My Scholarship entry - Giving back on the road

WORLDWIDE | Monday, 23 April 2012 | Views [119] | Scholarship Entry

It was one of those days when you need to break away.
I had only had $6 and 4 days off, so the furthest destination I could afford was Belarus.
Intuitively, I took a subway to the outskirts of Kiev, where a busy highway to the north started. I stood on the roadside, holding a sign saying “Minsk”.
Some believe that hitchhiking is a parasitic way of traveling, but I know that it is not. A good companion needs a driver, just as much as a good driver needs a traveler.
Within 10 minutes, I was sitting with a trucker named Kolya, driving away with 16 tons of oranges from Odessa. Two weeks driving, followed by a day at home. His loneliness, broken only with rare radio conversations with other truckers passing-by. They concisely reported about the road police, traffic and weather. Thirsty for words, Kolya was enthusiastic to discuss my truck-driving career, concerned that women drive more gracefully than men. I left his truck on a border to continue on foot.
Dusk. 3x3-inch sized piece of paper from an astonished customs officer saying “pedestrian – 1 piece” welcomed me to the neutral zone with cars diligently waiting for their turn and frogs croaking in the ditches. I walked 2 km in the rain, shoveling down crackers, with a feeling of an absolute freedom.

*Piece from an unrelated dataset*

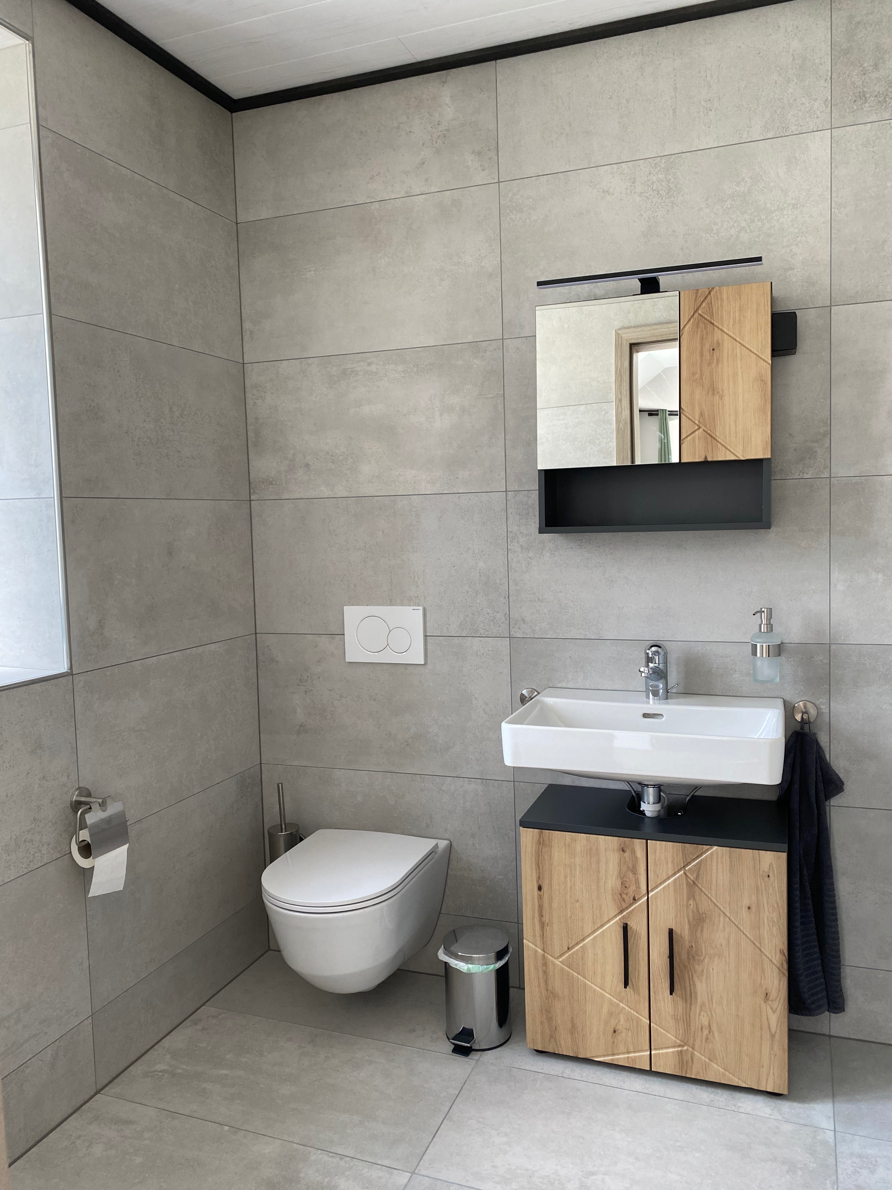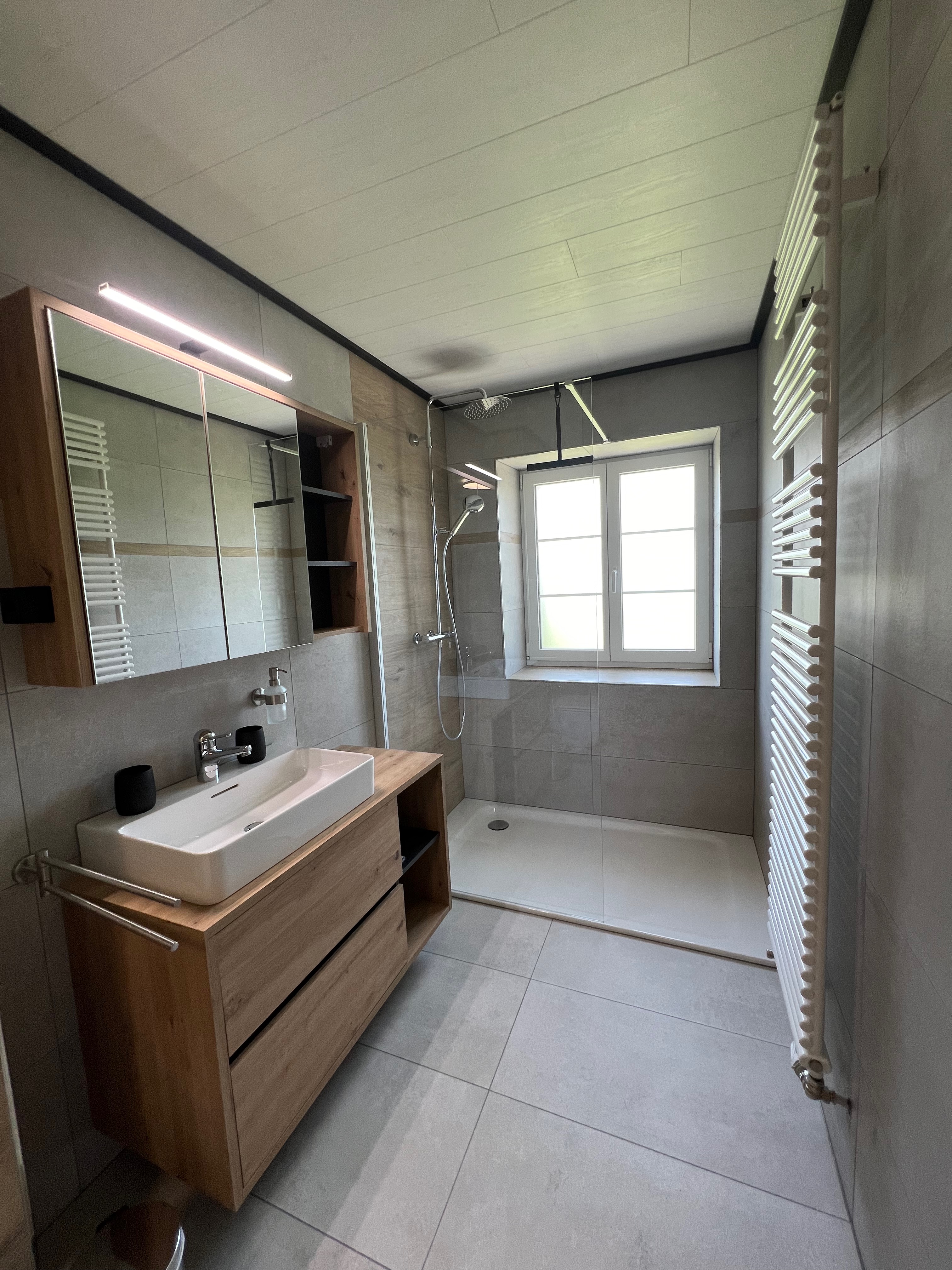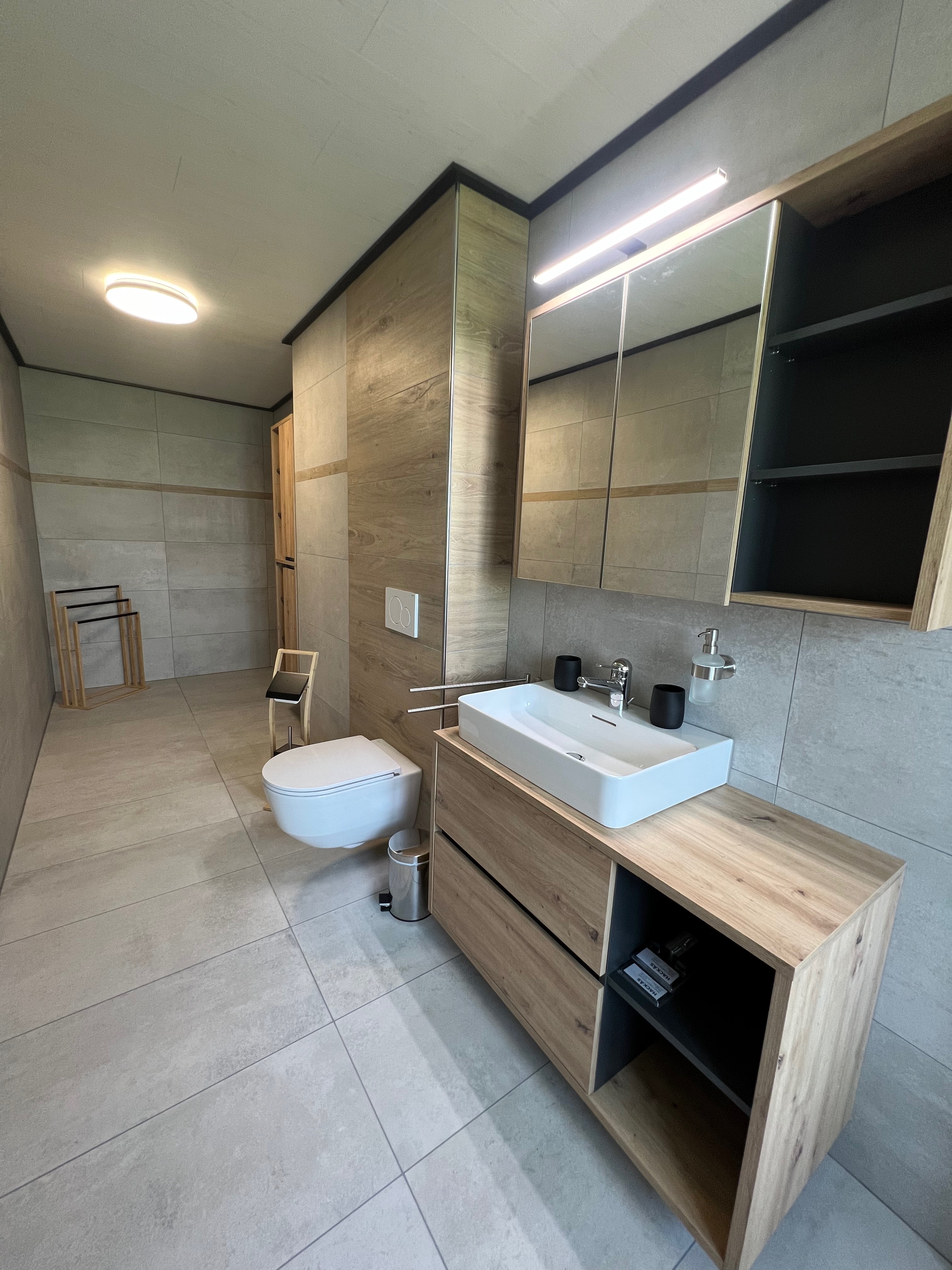 1 grosses Badezimmer mit WC, Lavabo, Dusche 160x90, Haarföhn, Handtuchhalter und Frotteetüchern.

The Belarusian side greeted me with money-changers, prostitutes and a taxi-driver. Everyone earns money as they can here, so I was surprised to be treated with some kind of “Georgian hospitality”. Svetlana, usually exchanging currency for tourists, regaled with the self-made Easter cake and hot herbal tea, while the local prostitute Anna was trying to catch me a car.
Hastily leaving Ukraine I didn’t realize fully the matter until I came across a sign that read “0 km” in Minsk. It became a momentous place for me. Probably because it is where I finally stopped running, and felt the need to head back to the beginning. The road had fulfilled its curative mission.The road and its people – random and humane.